Always Outnumbered, Always Outgunned, though, is a stand alone work of poignant beauty. Socrates Fortlow has spent 27 years in jail from a crime of violence, and now that he’s out he’s determined to seek redemption and help the oppressed of the Los Angeles ghetto, ‘to ease the evil deeds he had perpetrated.’ His name is not a coincidence: rather, like his more illustrious Greek namesake, Socrates Fortlow asks questions of the world around him and in doing so captures the moral ambiguities of his time.
– Alice Walker, Meridian
Alice Walker’s best seller is The Colour Purple, which was made into a hit film starring Whoopi Goldberg, Oprah Winfrey and Danny Glover, and is probably at the pinnacle of her prolific output.
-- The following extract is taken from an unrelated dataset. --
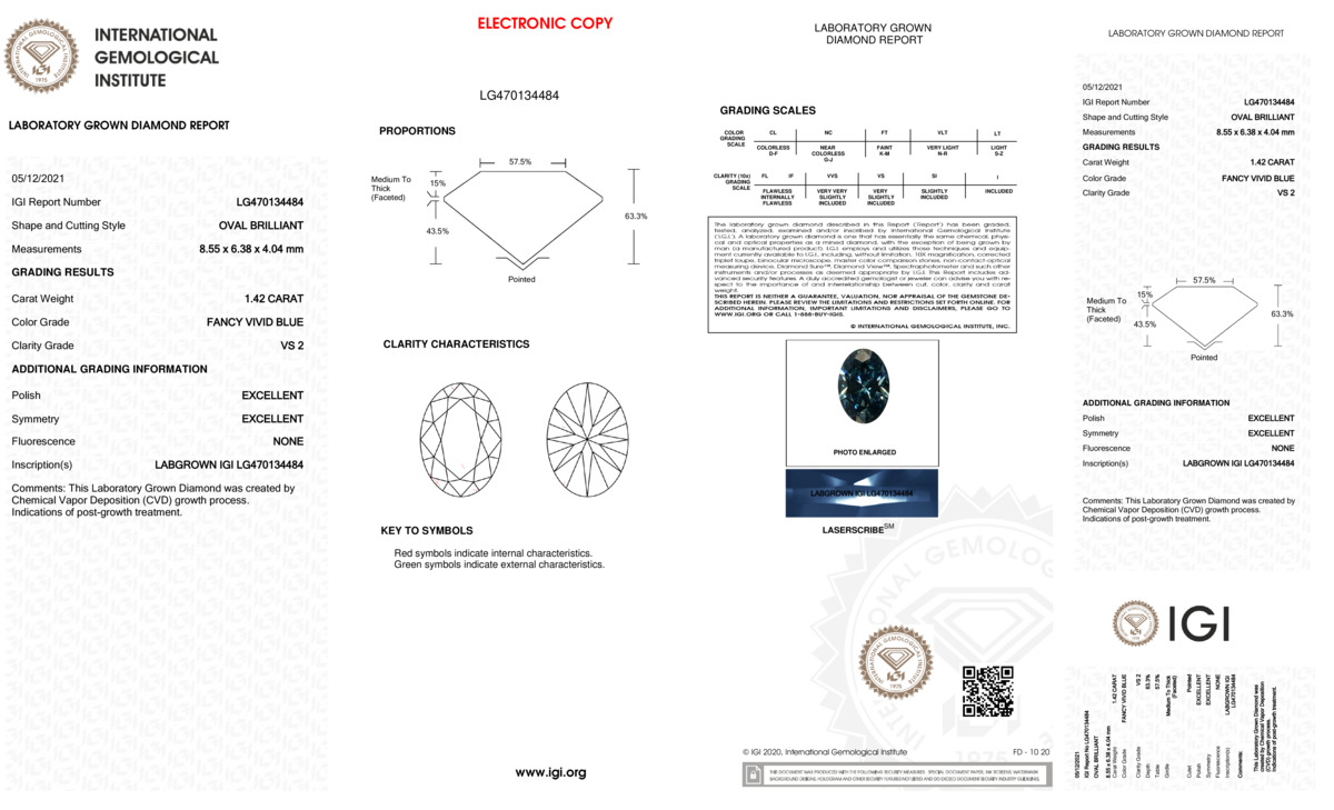 This Certified 1.42 Carat 8.55 x 6.38 x 4.04 mm Blue Oval Lab Grown Diamond has been hand selected by our GIA-certified gemologists for its exceptional characteristics and rarity.

However, Meridian is a very interesting novel, which raises the question of the extent to which harmonious racial integration is possible in the heady days of the 1960s civil rights movement.
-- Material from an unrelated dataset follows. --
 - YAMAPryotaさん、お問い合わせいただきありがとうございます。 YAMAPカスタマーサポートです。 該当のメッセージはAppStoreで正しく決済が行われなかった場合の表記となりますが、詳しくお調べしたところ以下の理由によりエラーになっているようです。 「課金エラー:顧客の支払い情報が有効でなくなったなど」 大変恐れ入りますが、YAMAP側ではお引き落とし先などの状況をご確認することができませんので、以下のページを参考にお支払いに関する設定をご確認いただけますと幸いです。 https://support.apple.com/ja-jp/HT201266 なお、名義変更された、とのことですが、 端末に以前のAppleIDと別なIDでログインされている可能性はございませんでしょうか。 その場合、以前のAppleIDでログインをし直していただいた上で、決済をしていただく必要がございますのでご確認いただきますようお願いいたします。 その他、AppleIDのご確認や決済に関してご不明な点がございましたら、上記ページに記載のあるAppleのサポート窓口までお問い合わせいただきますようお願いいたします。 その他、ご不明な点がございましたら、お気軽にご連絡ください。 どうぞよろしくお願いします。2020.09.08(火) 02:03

I would now like to look at three novels, which are not the work of African American authors, but each in its own way throws light in questions of race and human relations.
– Chimamanda Ngozi Adiche, Americanah
The central section of this most enjoyable novel is set in the USA and contains the acute, often amusing observations of the protagonist, a Nigerian middle-class young woman, attending university in America, about the very foreign millieu she finds herself plunged into. The African perspective on American society, both black and white is fascinating.
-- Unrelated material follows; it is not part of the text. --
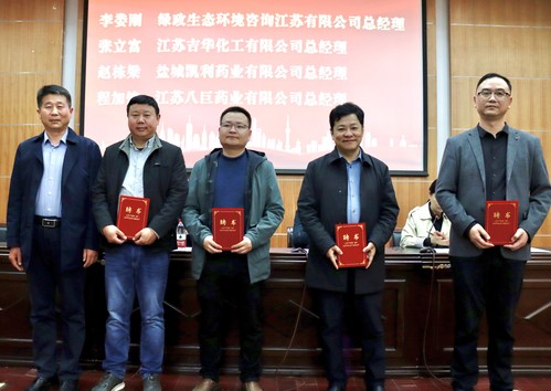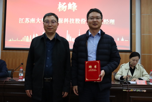 仪式结束后,绿政生态环境咨询江苏有限公司总经理李娄刚作了题为《环保行业形势及就业问题分析》的报告。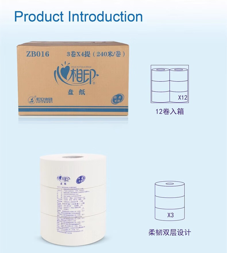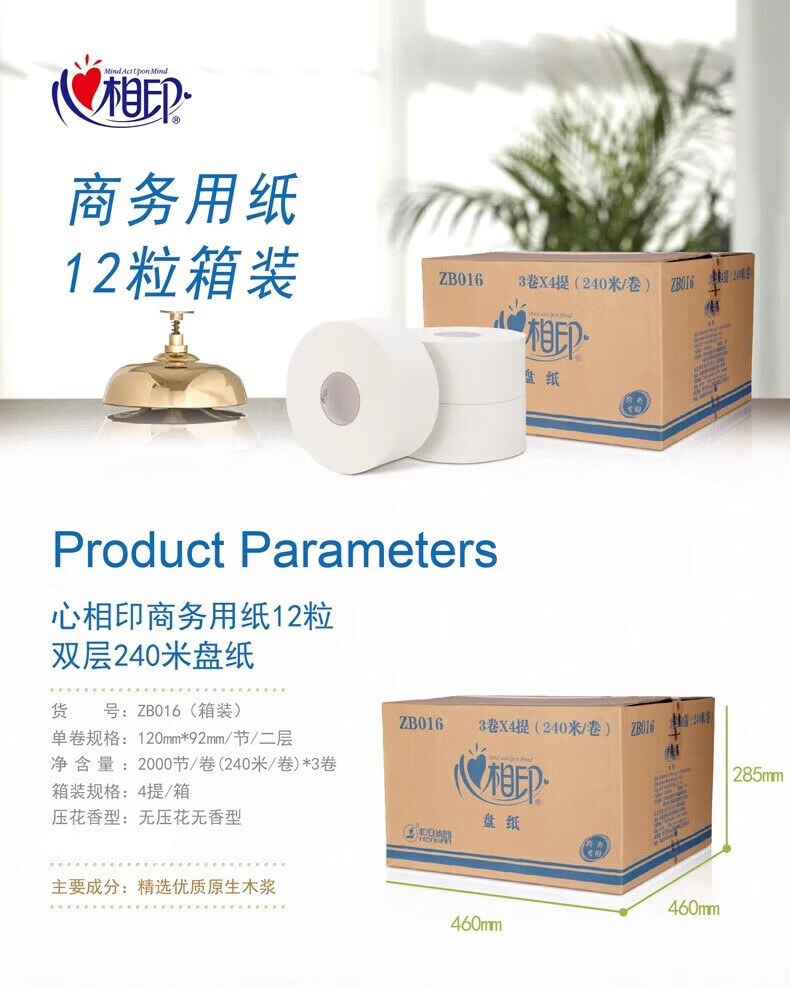商品名称:心相印 商用两层240米大盘纸卫生纸(12卷) ZB016(箱装)

– Andrea Levy, Small Island
Levy’s best-seller has acquired new relevance in the context of the ongoing Windrush scandal. Small Island is set in post-war Britain and follows some of the Caribbean migrants who came over to fill much needed jobs and met with appalling racism. Those where the days when rooming houses put up their infamous ‘no blacks, no Irish, no dogs’ signs. Yet, despite all that, there were acts of genuine love and acceptance. Just a reminder that the USA does not have a monopoly on corrosive racism
– Doris Lessing, The Grass is Singing
This is perhaps the best, most incisive portrayal of racism ever written. It is set in colonial Rhodesia (present day Zimbabwe) and tells the story of a white woman and her mix of attraction/repulsion for a handsome young black servant. Uncompromising and disturbing, this is a seminal dissection of the irrational feelings and instincts that coalesce into racism.
Finally a book of essays that became a classic of the African American civil rights movement:
– James Baldwin, The Fire Next Time
Black and gay, James Baldwin spent much of his life in self-exile in Paris. He was a prolific writer and any of his novels goes a long way towards illuminating the condition of African Americans in mid-20th century America. However, the two essays contained in The Fire Next Time explicitly analyse the many questions surrounding race in the USA. The first essay, in the form of a letter to his 14-year-old nephew, focusses on the centrality of race in the history of America. The second deals with the relations between race and religion.